Nobel Prize Winner on the Entrepreneurial Economy

The 2006 Nobel Prize winner in Economics, Professor Edmund S. Phelps, is a strong supporter of free enterprise and entrepreneurship. In a recent Op Ed piece from the Wall Street Journal, Phelps outlines two basic economic systems prevalent in the Western world.

Several nations–including the U.S., Canada and the U.K.–have a private-ownership system marked by great openness to the implementation of new commercial ideas coming from entrepreneurs, and by a pluralism of views among the financiers who select the ideas to nurture by providing the capital and incentives necessary for their development….This is free enterprise, a k a capitalism.
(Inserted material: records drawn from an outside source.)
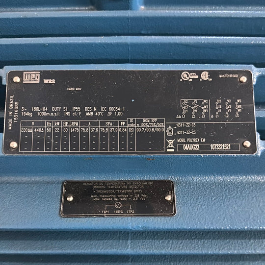 WEG 30HP 1500RPM, 180L, 220/440V 50Hz 3Phase W22
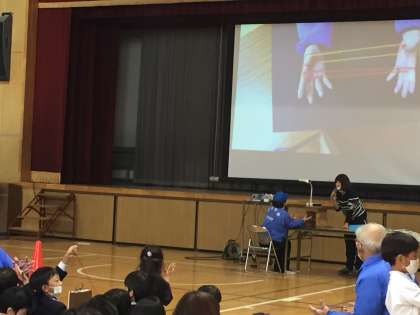 前半の高学年の部では、クイズ大会をしました。後半の低学年の部では、みまもり隊の塩崎さんから、「あやとり」を教えていただきました。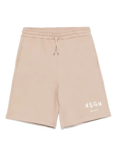 MSGM Kids' Logo-print Track Shorts In Neutrals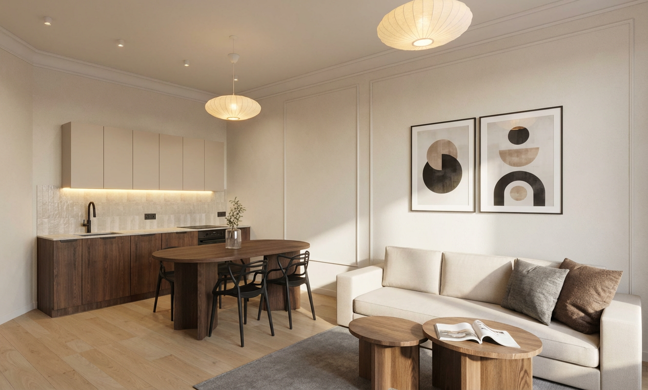 convert this floor plan into a realistic isometric 3d view of a full house show the space from an elevated angle with furniture walls and details visible change walls color to off white plaster walls change floor to bright light marble flooring tiles use brushed brass warm gold fixtures for the bathtub faucet shower hardware hooks and accessories use the same furniture as shows on the plan do not change the orientation of the floorplan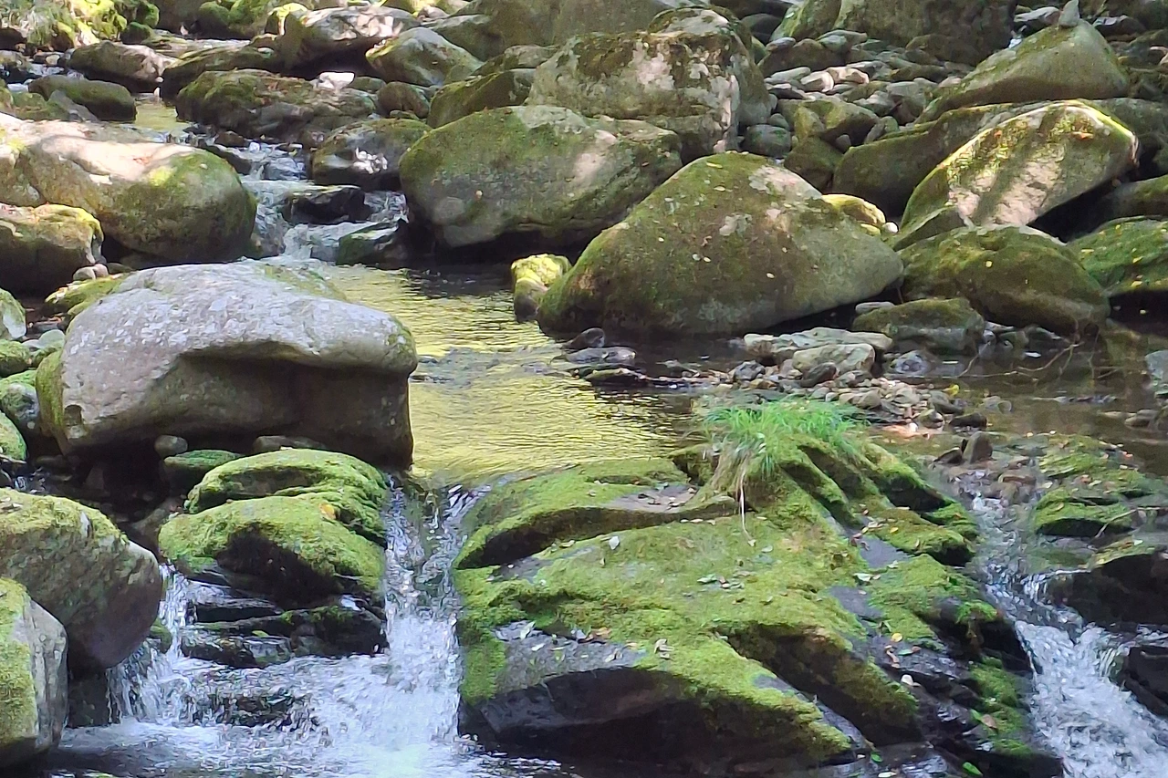 산속 계곡이어서 맑은 물이 쉼 없이 흐르고 바위를 만나면 구부러지고 흐르다가, 커다란 돌을 만나면 거친 속살을 드러내며 허연 거품을 일으킨다. 낙차가 있는 높이에서는 물소리가 웅장해진다. 그리고 반드시 아래엔 깊은 소를 만들어 놓았다. 짙고 검푸른색 물빛과 함께. 여기저기서 탄성이 나온다.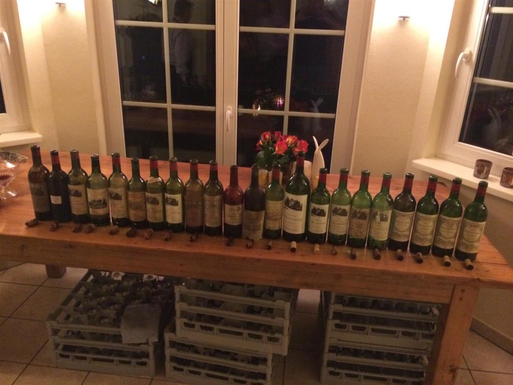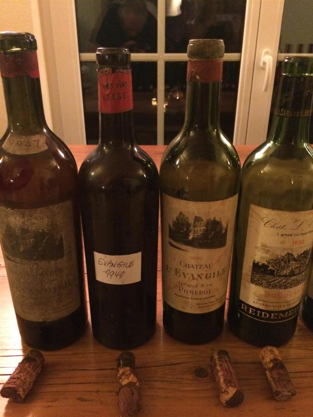 Woran erkennt man, ob ein großer, alter Wein gut gelagert wurde? Am besten und einfachsten natürlich, wenn man ihn direkt aus dem Originalkeller erwerben kann, in dem er seit Kauf unberührt gelegen hat. As dürfte inzwischen in den seltensten Fällen möglich sein. Bleiben als Indizien noch Füllstand und Farbe. Doch bei Letzterer ist Vorsicht angesagt. Ist die Farbe zu dicht und geht schon Richtung Schwarz, dann ist Vorsicht angesagt. Hier ist der Wein dann oxidiert. Zwei solcher Flaschen hatten wir jetzt vor uns. Mit eben dieser vermeintlichen Superfarbe kam der 1945 Clos l´Eglise Clinet ins Glas. Fürchterliche Nase mit Fehltönen und reichlich Möbelpolitur, dazu flüchtige Säure ohne Ende. Kaputt, hin, schade. Das galt leider auch für den 1950 Clos l´Eglise Clinet, bei dem zudem noch vor einiger Zeit der Korken in die Flasche geflutscht war. Auch hier wieder diese superdichte Farbe, flüchtige Säure und Essig am Gaumen. Aber auch spürbare Kraft und Substanz. Also beide Weine eine Suche wert. Wer sie findet, darf sie gerne mit mir trinken. Ich stelle etwas Äquivalentes dagegen.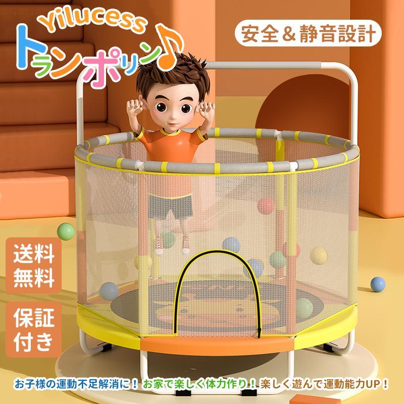 【おしゃれなデザイン】トランポリンから落下を防ぐため、周囲に保護ネットだけでなく、手すりも付いているので、お子様は手すりを握りながら跳ぶことで、中心で安定して飛び跳ねることができます。また、トランポリンの入り口はファスナー式なので、お子様の出し入れがとても楽です。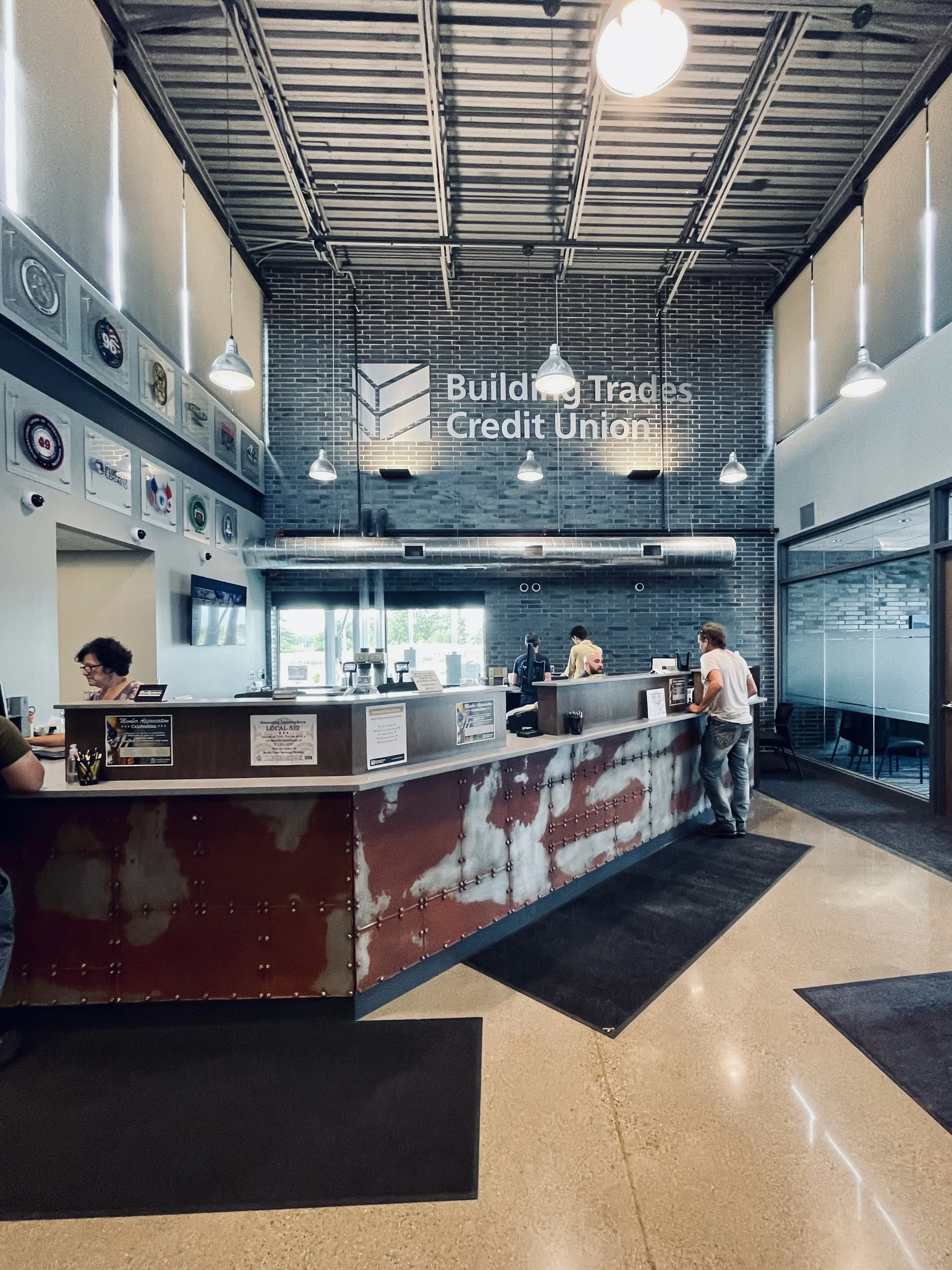 Slide 1 Slide 1 (current slide) Slide 2 Slide 2 (current slide) Slide 3 Slide 3 (current slide) Slide 4 Slide 4 (current slide) Slide 5 Slide 5 (current slide) Building Trades Credit Union | Shoreview, MN BUILDING TYPE Credit Union YEAR BUILT 2023 DESIGN SCOPE Interior Remodel PROJECT SIZE 3,200 sf Are you interested in learning more about our services? Contact Us ➝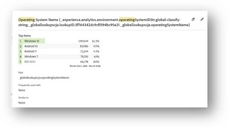 And the corresponding OS Name field will be generated by CJA as part of the standard Adobe Lookup (and this field path is not part of the XDM schema), see below

The other system–in Western Continental Europe–though also based on private ownership, has been modified by the introduction of institutions aimed at protecting the interests of “stakeholders” and “social partners.” The system’s institutions include big employer confederations, big unions and monopolistic banks.

Phelps argues that the private-ownership system of the US has drifted away from what was its purest form. And the further we drift the bigger the risk that we will lose the entrepreneurial engine that powers our economy. We have seen this economy drift more toward the kind of system we see in Western Europe. He asserts that companies like Microsoft, those that have not only vast economic power but also political power, are a “deviation from the model.” As Schumpeter showed us, a dynamic economy requires free markets that allow newcomers to come in and participate in its evolution and growth. Owning capital and wealth does not make one an entrepreneur. Entrepreneurs are the newcomers, the disruptors, who fuel dynamic economic development.
This is an important time to listen to the words of Professor Phelps. Our economy is more dependent on true free enterprise and the work of real entrepreneurs than it has been in over one hundred years. This is no time for us to embrace the kind of socialized entrepreneurship we see in much of Western Europe. Government should not be in the business of institutionalizing economic winners. It should, instead, be the protector of the economic newcomer entrepreneurs, who if we let them, will create our economic future.
(via National Dialogue on Entrepreneurship).